Principles on Transfer of Information or Responsibilities

Appendix 2 - basic principles that should be followed for a successful transfer of information

Making arrangements for the transfer of information, records and knowledge is a key part of any machinery of government change. However, all too often this aspect is not properly planned for, inadequately resourced and left until it is too late to do everything that needs to be done.

Listed below are the eight basic principles that should be followed for a successful transfer:

Reinforce Senior Management support

Ensure that senior management understand what needs to be done (including setting an appropriate budget) and the risks to the business if the transfer is not carried out successfully. Failure to transfer information and knowledge effectively between departments can make it impossible to maintain business continuity and can result in the loss of vital information, loss of functionality of digital information, inability to be transparent and accountable and meet legal obligations, inefficiency and substantial additional costs.

Plan in advance

Start planning for the transfer of information as soon as notification that the organisation/function is to be abolished or transfer has been received. Identify desired outcomes - especially the usability of information (or digital continuity requirements after transfer) and test progress against these.

Clarify who is responsible

Establish as early as possible who is going to do the work and form a joint Information Transition Team. Ensure that transferring and receiving bodies and any contractors employed in information related activities (for example, an IT service partner) have a clear understanding of their separate and joint roles and responsibilities.

Decide what to transfer

Decide what information needs to be transferred and to where, for example, information of continuing business or legal value will need to be identified and transferred to the department that is inheriting responsibility for the function(s). Information of archival value may be transferred to The National Archives. Consider information/records in all forms, for example, paper files, information within an electronic records management or email system, websites, intranets, shared drives, databases AND accompanying information such as finding aids, Information Asset Registers or retention/disposal information.

Make provision for the continuity of digital information

Define the usability requirements for information to be transferred, and test against them throughout the transfer process. The receiving organisation needs to ensure the information can be found, opened, used, understood and trusted as required and will need to ensure it receives both files and necessary contextual metadata and has the technology to enable the usability requirements to be met.

Ensure continued compliance with legislation and information security

Clarify responsibilities for Freedom of Information and Environmental Information requests and related complaints and appeals and ensure that handover or guidance notes are prepared. Comply with rules on information security when transferring information and records and conform to the Security Policy Framework for protectively marked material.

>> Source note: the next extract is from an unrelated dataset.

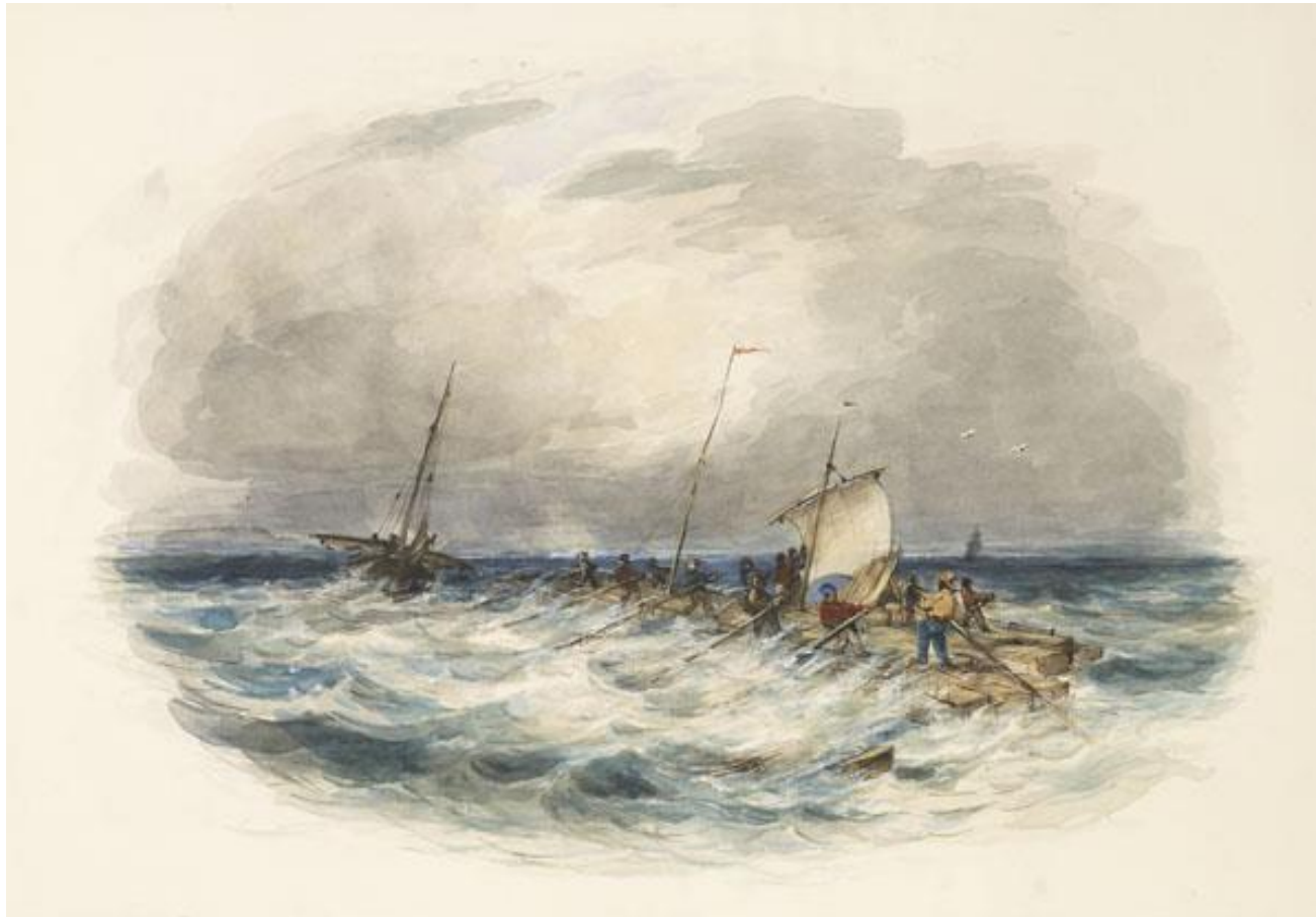
Lumber raft in storm, 1847-1850

The following representative paintings are available from Library and Archives Canada: http://www.collectionscanada.gc.ca/lac-bac/search/images .

Capture knowledge and communicate to staff and stakeholders

Capture the knowledge of staff from the transferring organisation, particularly if they are not transferring with the function and make as much information as possible about the changes available to staff in both organisations. Plan communication with customers and end-users.

Take advantage of opportunities for savings and increased efficiency

Capitalise on opportunities to increase efficiency and make savings, for example, shared service options could be considered for storage/electronic systems, information that is not required could be deleted rather than transferred.